De tempos em tempos somos surpreendidos por “novas descobertas científicas” no que diz respeito ao sentimento de dor em animais. Recente estudo da Universidade do Texas demonstrou o que qualquer pessoa que já tenha manipulado ou observado cefalópodes deveria saber: Polvos e lulas são capazes de sentir dor.
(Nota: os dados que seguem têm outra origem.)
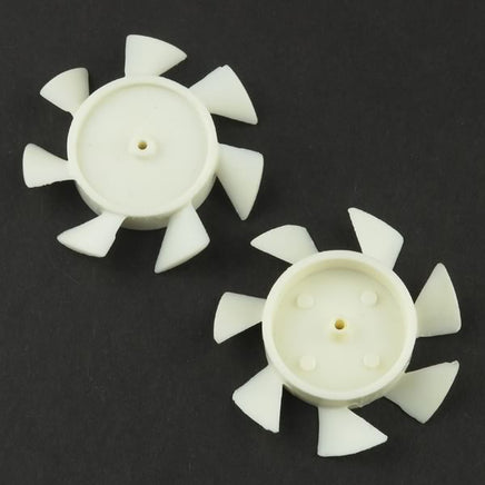 Small 2" diameter x 0.36" thick white plastic fan blade pushes onto any 2mm motor shaft. Efficient 7 blade design. Made from white plastic. Sold in a package of 5 fan blades.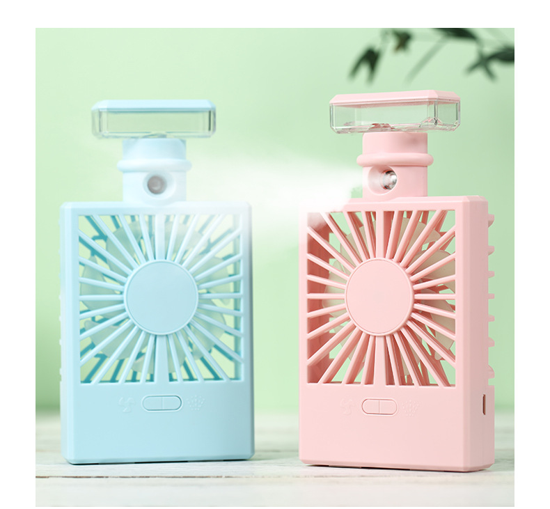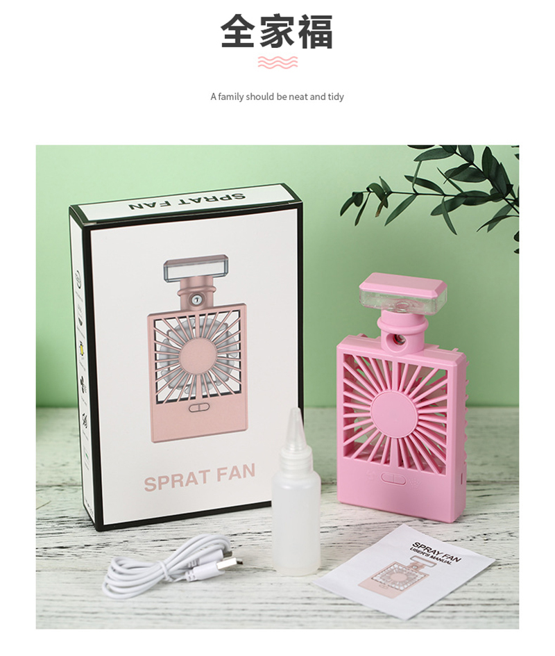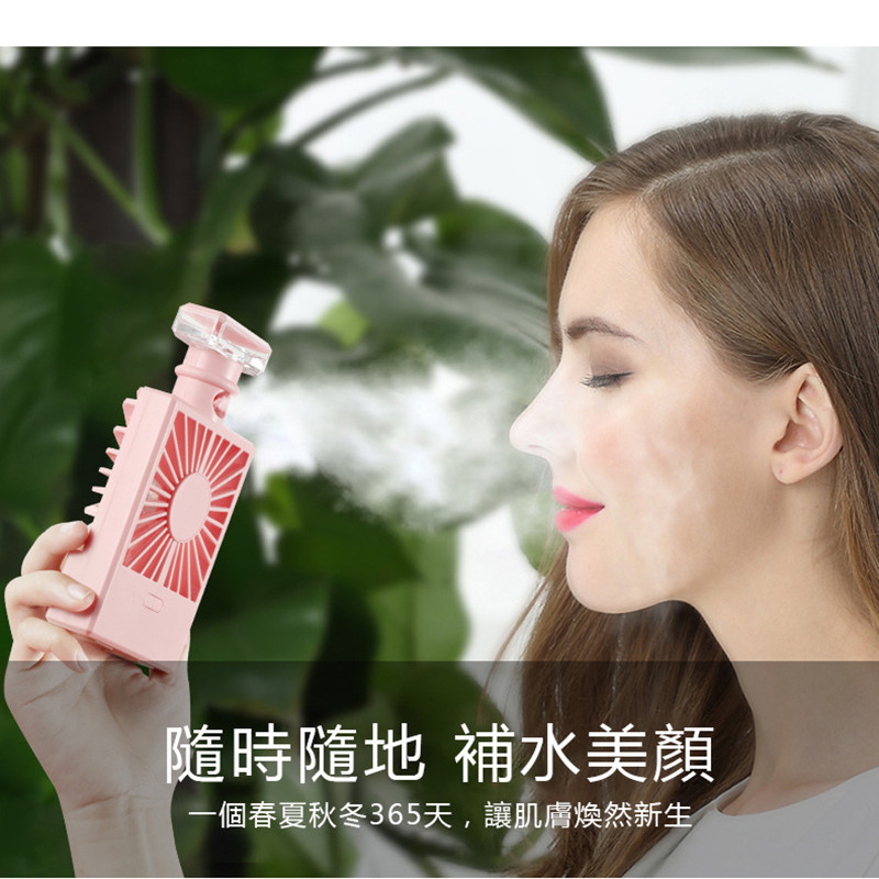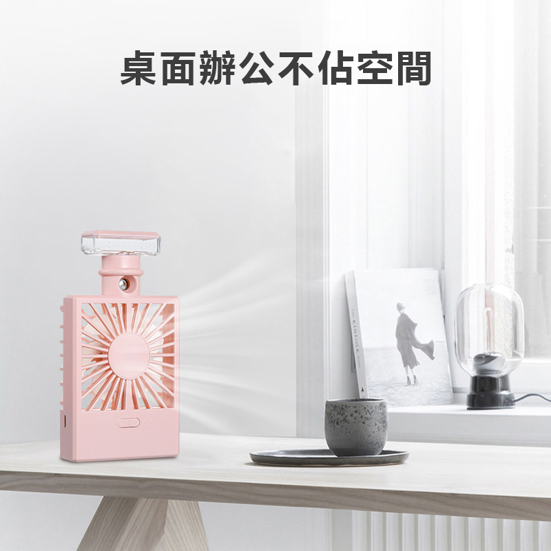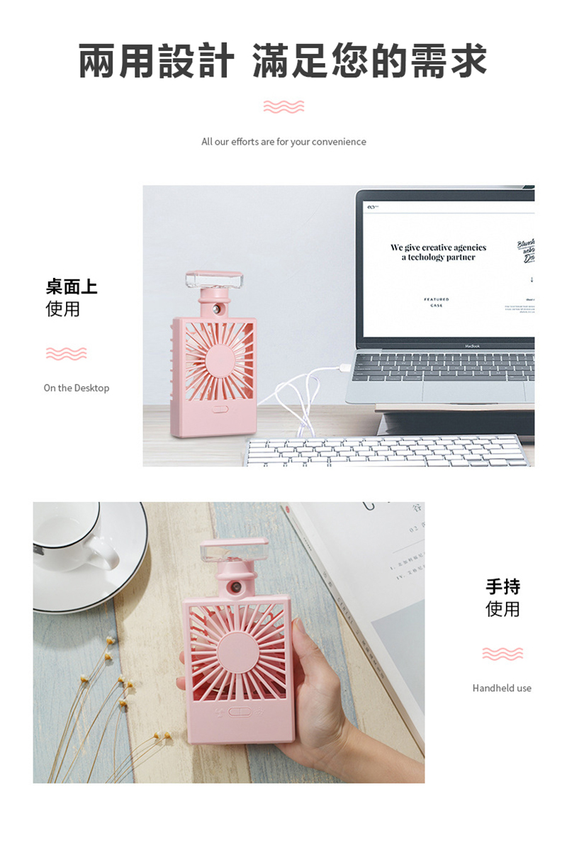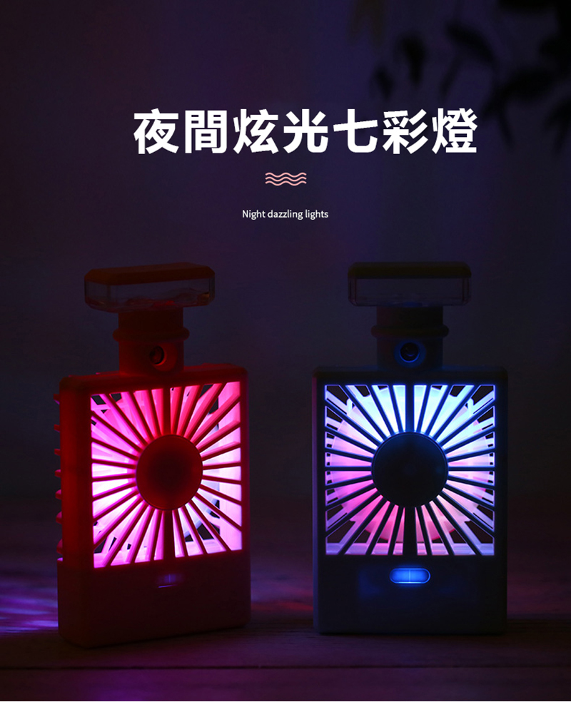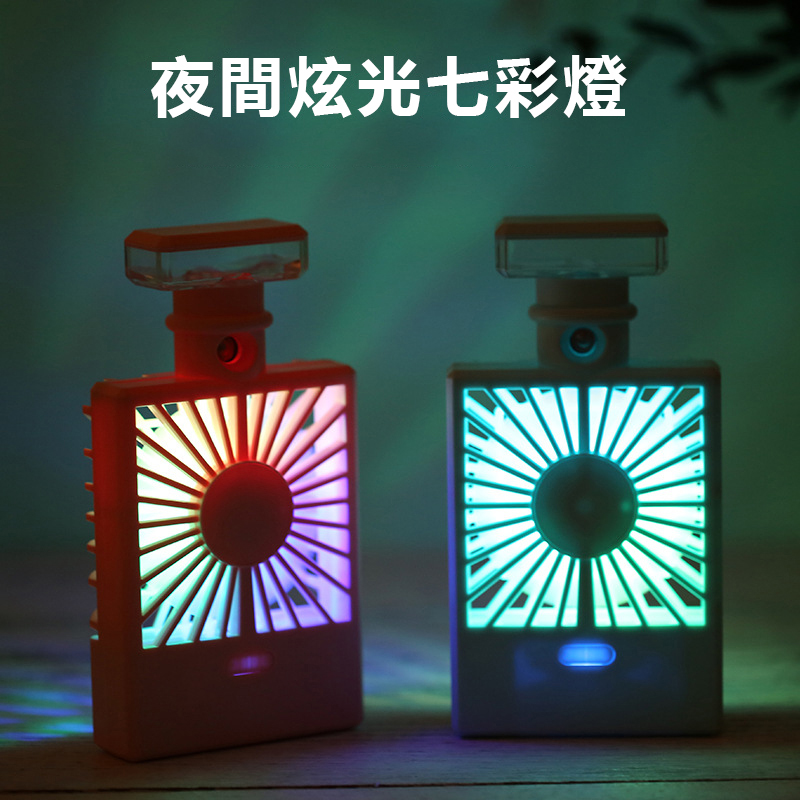 【香水造型USB充電小風扇】【奈米霧化噴霧加濕】【七彩夜燈】個性時尚香水造型噴霧加濕帶夜燈USB充電台式手持兩用小風扇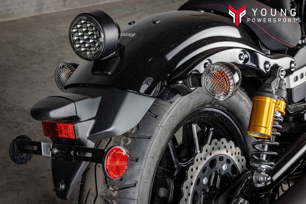 Components such as the sculpted 3.4 gallon teardrop fuel tank, muscular blacked-out V-twin engine, distinctive 12-spoke front and rear wheels, belt drive, and steel fenders all combine to bring a hotrod Bobber style to Yamaha's Sport Heritage lineup.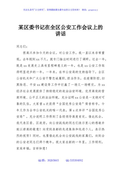 / 某区委书记在全区公安工作会议上的讲话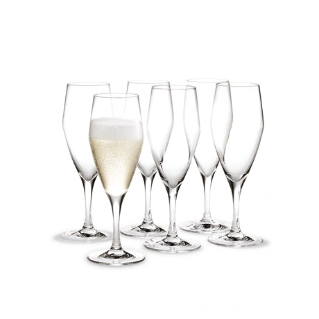Ett nätt, matchande champagneglas. Perfection Champagne har den för serien karraktäristiska formen på kupan, men kroppen är smal och lång för att bevara kolsyran i drycken. Ett mycket elegant litet glas för mousserande viner som Champagne, Crémant, Prosseco och Cava.

Estudo semelhante, de uma universidade da Irlanda do Norte, havia constatado não muito antes que lagostas, camarões, caranguejos e siris sentem dor – nada que qualquer pessoa que já tenha sido abordada por vendedores de lagostas frescas no litoral do Nordeste brasileiro não pudesse saber, pois quando o vendedor aperta os olhos do animal esse pula de dor. É a prova que o vendedor usa para demonstrar que a lagosta está tão fresca quanto viva, e para o cliente a prova de que esses animais sentem, de fato, dor.

E quem não conhece a expressão “como um siri na lata”? Esses animais são costumeiramente fervidos vivos e não há tampa de panela que os segure quando a água se aquece. É necessário colocar tijolos ou outros pesos para que os animais não escapem. Ora, o que seria essa força muitas vezes superior as suas capacidades naturais senão uma tentativa desesperada de fugir a dor?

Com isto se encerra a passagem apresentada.